__The task__. For this exercise, an exact copy is needed of only the lines from the one containing "Для этого заглянем" through the end of the data, with pictures left out.
** Opening Information provided block **
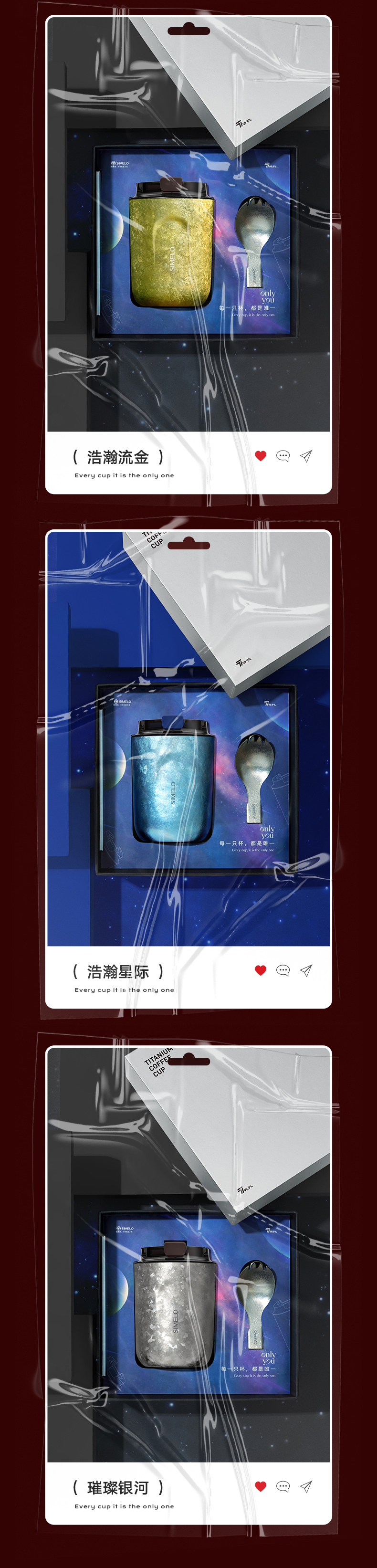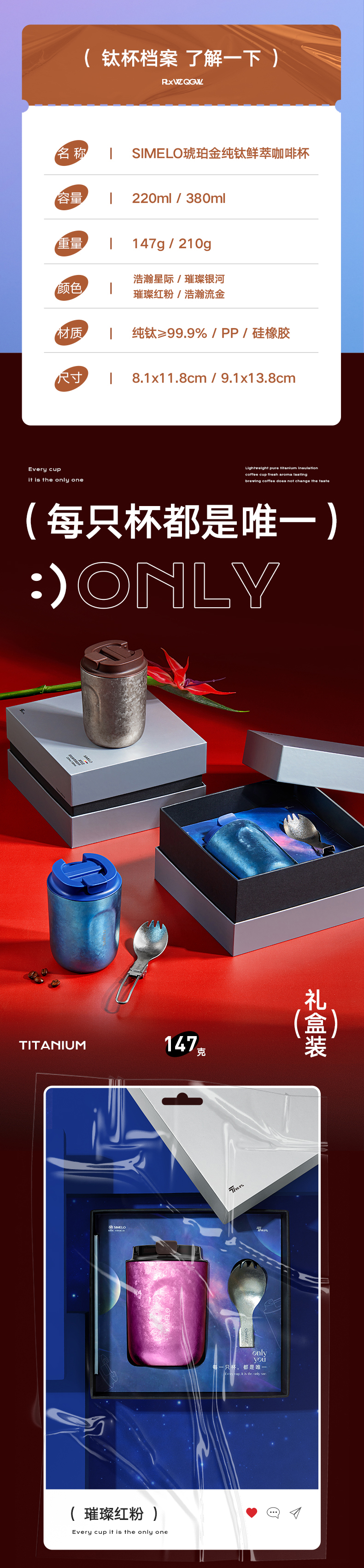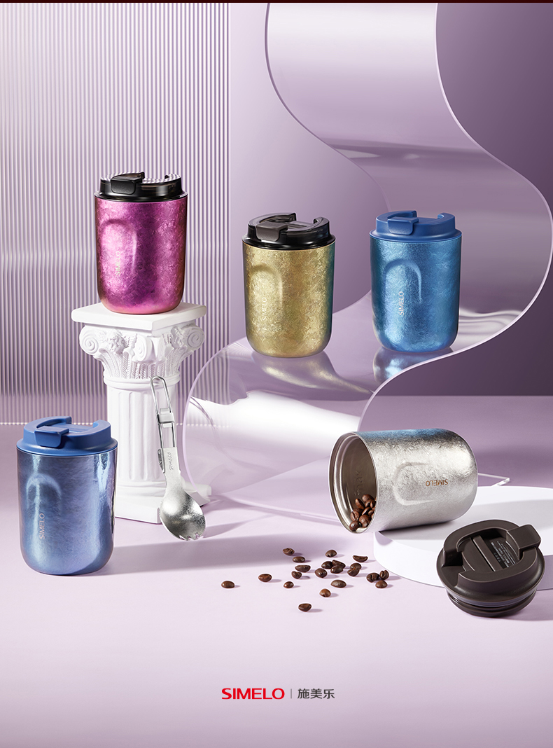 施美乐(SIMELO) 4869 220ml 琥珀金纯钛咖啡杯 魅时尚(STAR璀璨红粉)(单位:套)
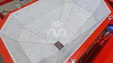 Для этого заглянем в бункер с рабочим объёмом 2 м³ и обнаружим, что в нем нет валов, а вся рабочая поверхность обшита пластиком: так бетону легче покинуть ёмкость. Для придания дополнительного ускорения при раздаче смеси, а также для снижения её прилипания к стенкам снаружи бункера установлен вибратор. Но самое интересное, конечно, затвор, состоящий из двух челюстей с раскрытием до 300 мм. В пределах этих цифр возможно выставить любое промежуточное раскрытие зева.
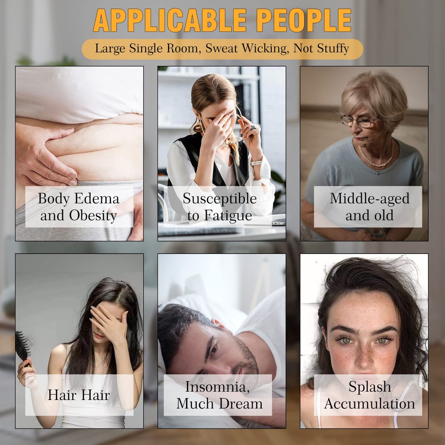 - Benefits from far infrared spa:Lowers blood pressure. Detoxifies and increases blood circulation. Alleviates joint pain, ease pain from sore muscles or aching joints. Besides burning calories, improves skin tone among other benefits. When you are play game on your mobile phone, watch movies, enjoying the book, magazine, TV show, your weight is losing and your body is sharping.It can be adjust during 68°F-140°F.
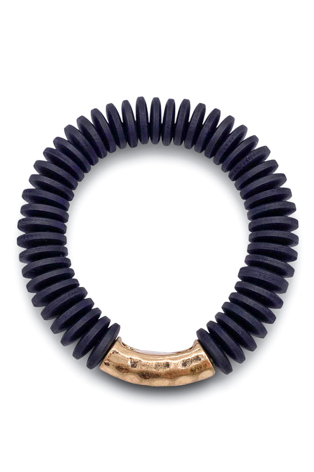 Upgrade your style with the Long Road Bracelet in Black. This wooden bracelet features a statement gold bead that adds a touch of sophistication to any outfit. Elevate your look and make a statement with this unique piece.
** Closing Information provided block **
__Exercise output__.
 Для этого заглянем в бункер с рабочим объёмом 2 м³ и обнаружим, что в нем нет валов, а вся рабочая поверхность обшита пластиком: так бетону легче покинуть ёмкость. Для придания дополнительного ускорения при раздаче смеси, а также для снижения её прилипания к стенкам снаружи бункера установлен вибратор. Но самое интересное, конечно, затвор, состоящий из двух челюстей с раскрытием до 300 мм. В пределах этих цифр возможно выставить любое промежуточное раскрытие зева.
 - Benefits from far infrared spa:Lowers blood pressure. Detoxifies and increases blood circulation. Alleviates joint pain, ease pain from sore muscles or aching joints. Besides burning calories, improves skin tone among other benefits. When you are play game on your mobile phone, watch movies, enjoying the book, magazine, TV show, your weight is losing and your body is sharping.It can be adjust during 68°F-140°F.
 Upgrade your style with the Long Road Bracelet in Black. This wooden bracelet features a statement gold bead that adds a touch of sophistication to any outfit. Elevate your look and make a statement with this unique piece.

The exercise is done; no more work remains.